When working with polynomials in MATLAB, it is important to understand how the time needed to evaluate or find roots changes as the polynomial gets bigger.

We want to know how the number of steps grows when the polynomial degree increases.

Analyze the time complexity of the following code snippet.

% Evaluate polynomial at a point x
p = [3 -2 0 5]; % coefficients for 3x^3 - 2x^2 + 0x + 5
x = 2;
result = 0;
n = length(p);
for i = 1:n
    result = result + p(i)*x^(n-i);
end
    

This code calculates the value of a polynomial at a given number x by adding each term one by one.

Identify the loops, recursion, array traversals that repeat.

• Primary operation: The for-loop that goes through each coefficient to calculate each term.
• How many times: The loop runs once for each coefficient, so n times where n is the polynomial degree plus one.

As the polynomial degree grows, the number of terms to calculate grows too, so the work grows roughly in a straight line with n.

Input Size (n)	Approx.

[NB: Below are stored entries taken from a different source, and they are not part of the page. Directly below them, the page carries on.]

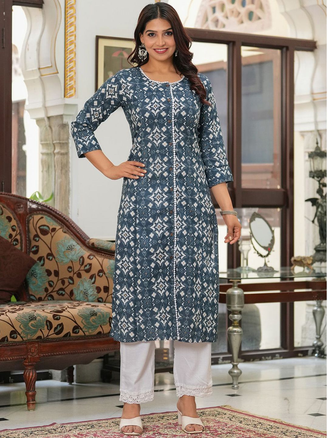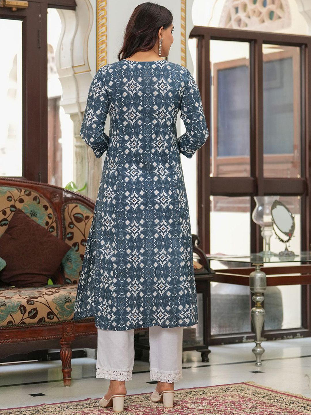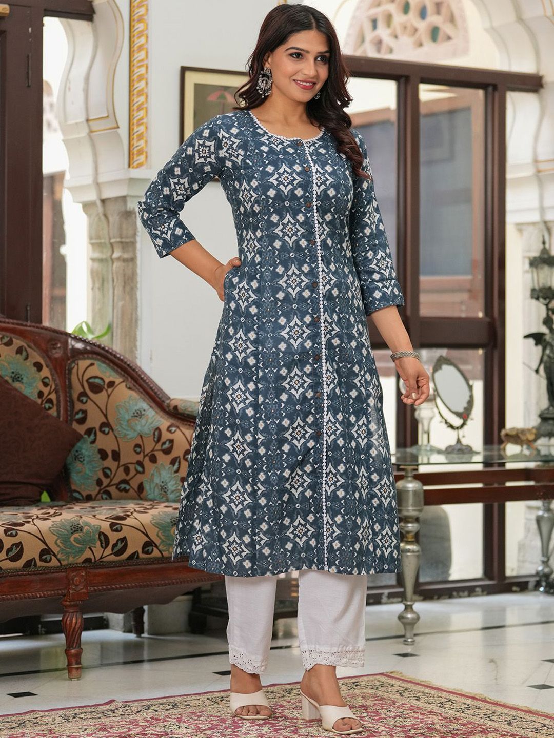 Pistaa Geometric Printed Round Neck Straight Pure Cotton Kurta With Trousers
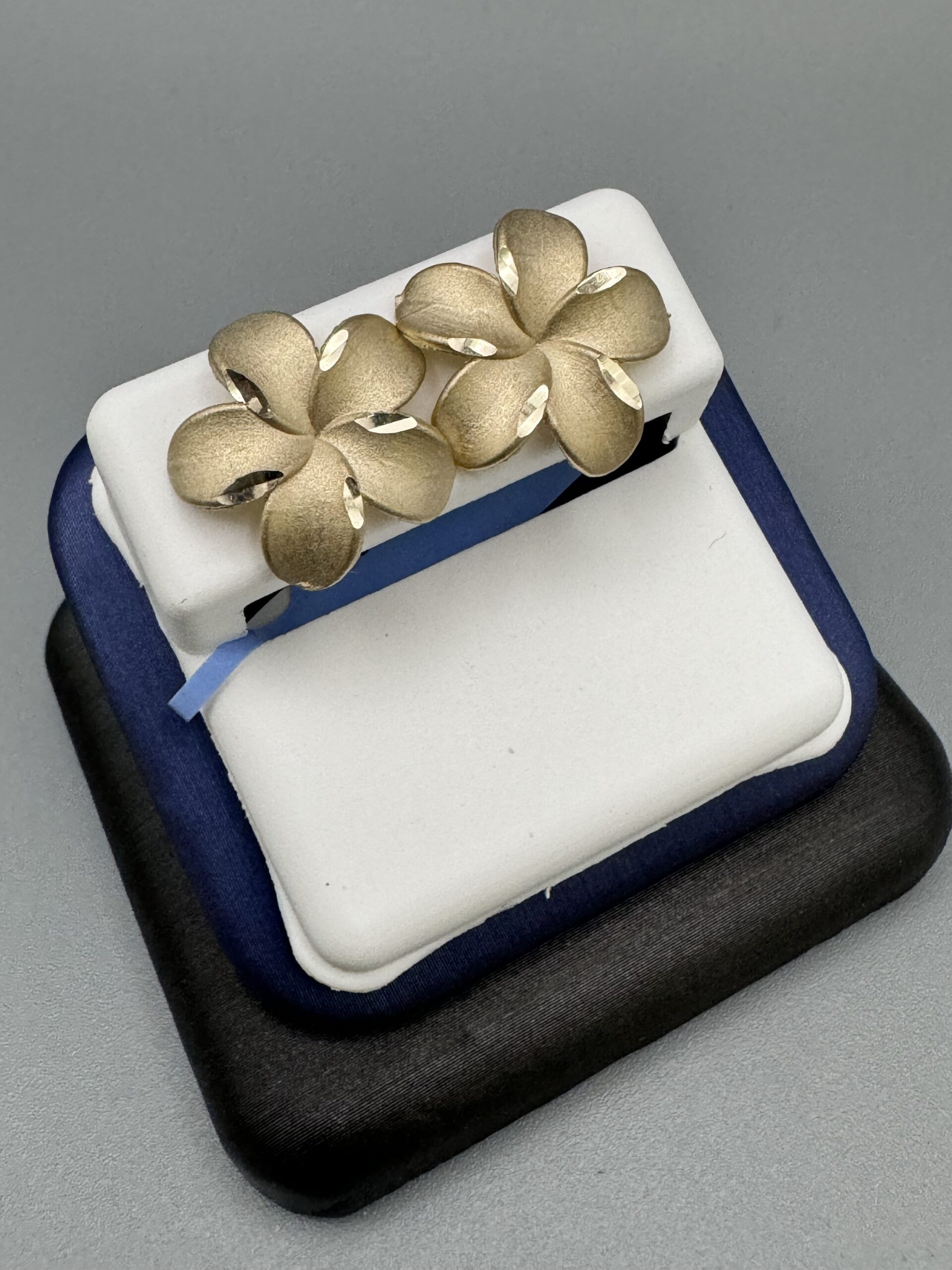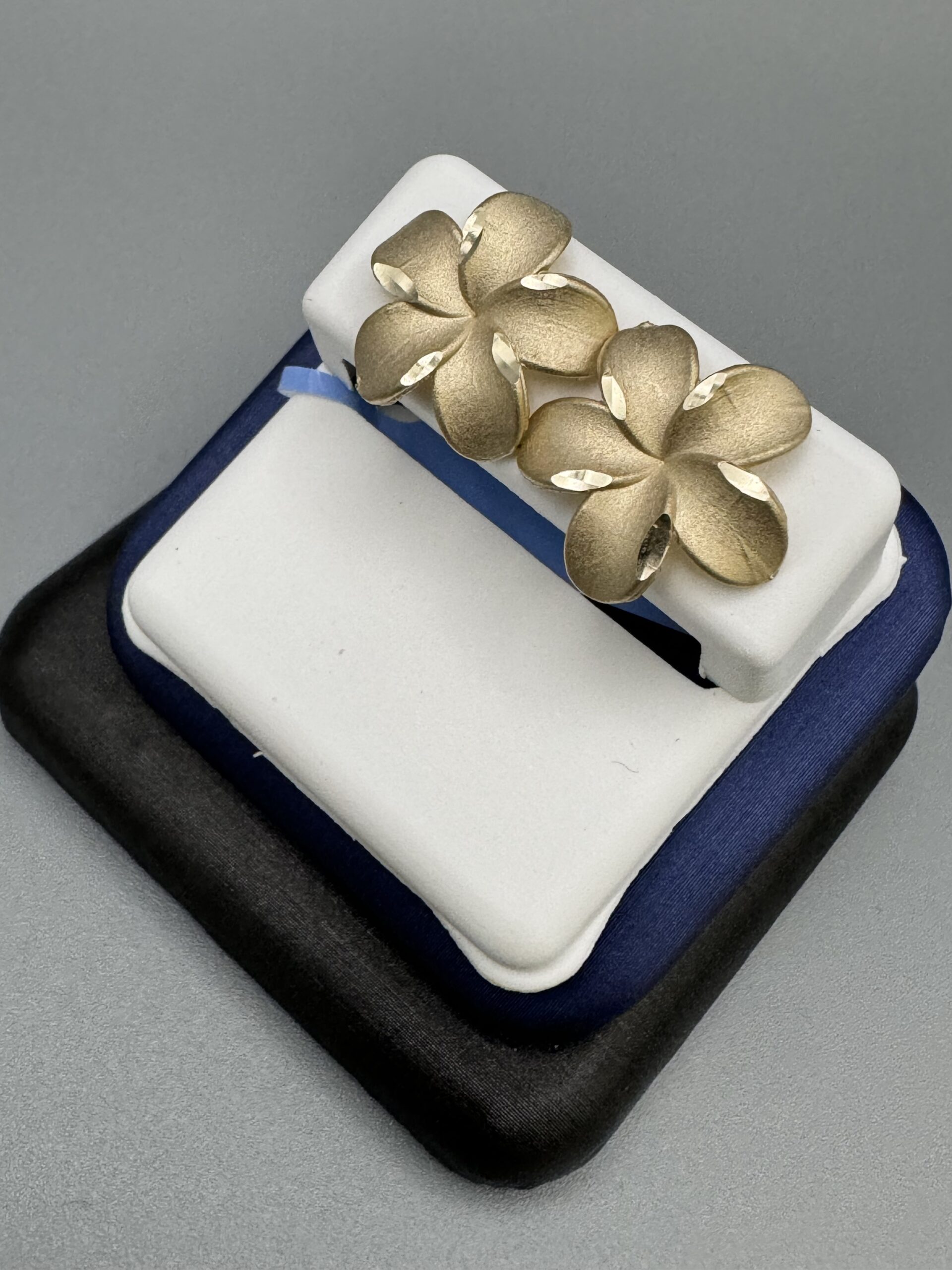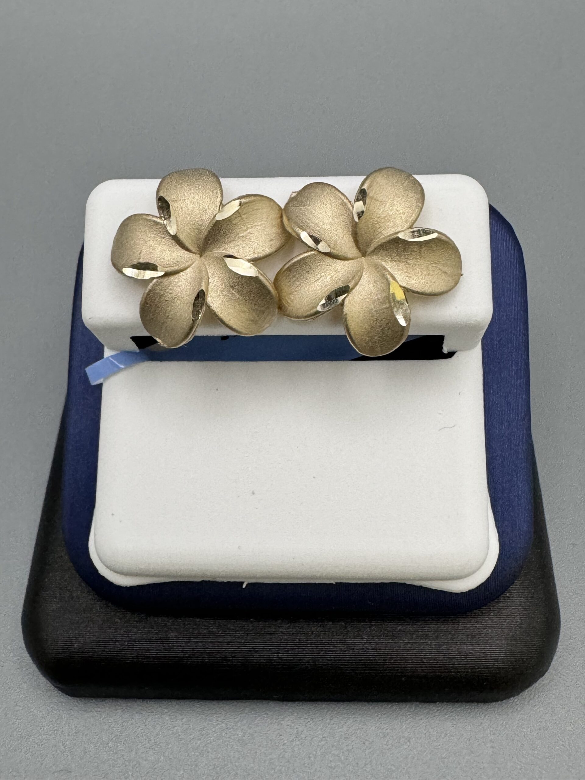 10Kt Gold Fancy Flower Earrings 15MM Width With Push n pull Back
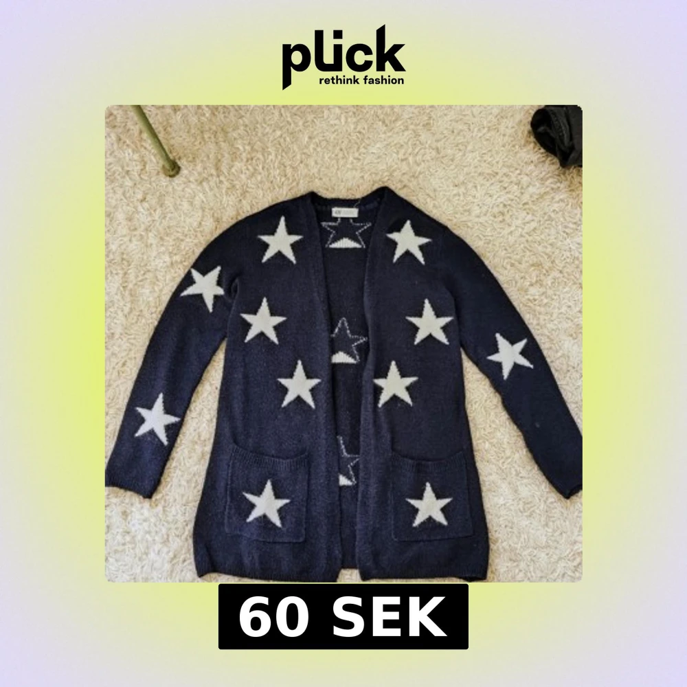 Snygg mörkblå kofta från H&M med vita stjärnor över hela tröjan. Koftan har två fickor framtill och är stickad i mjukt material. Långärmad och loose passform, koftan är i storlek 146/157 och nästintill aldrig använd. Perfekt till den kalla hösten och vintern.
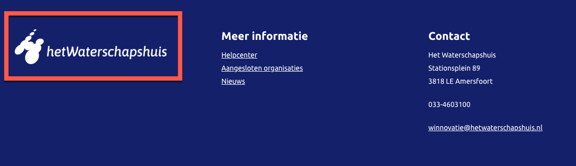 In de footer is het logo van Het Waterschapshuis opgenomen, maar de alternatieve tekst (alt) luidt:
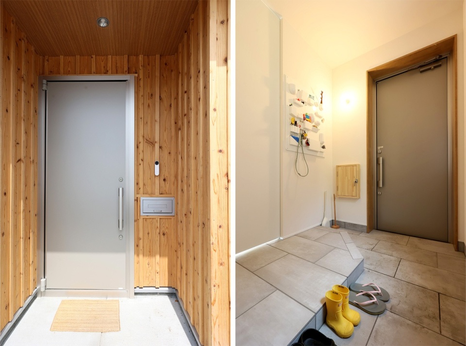 板張りの玄関ポーチ。ドアを開けると、土間とホールの両方に石目調タイルを施したシンプルな玄関が現れます。ウーテンシロの隠さず見せる収納は、使い勝手も良いそう。

Operations
10	About 10 multiplications and additions
100	About 100 multiplications and additions
1000	About 1000 multiplications and additions

Pattern observation: Doubling the polynomial degree roughly doubles the work needed.

Time Complexity: O(n)

This means the time to evaluate the polynomial grows in direct proportion to its degree.

[X] Wrong: "Evaluating a polynomial always takes the same time no matter how big it is."

[OK] Correct: Larger polynomials have more terms, so they need more calculations, which takes more time.

Understanding how polynomial evaluation time grows helps you explain efficiency clearly and shows you can think about how code scales with input size.

"What if we used Horner's method to evaluate the polynomial? How would the time complexity change?"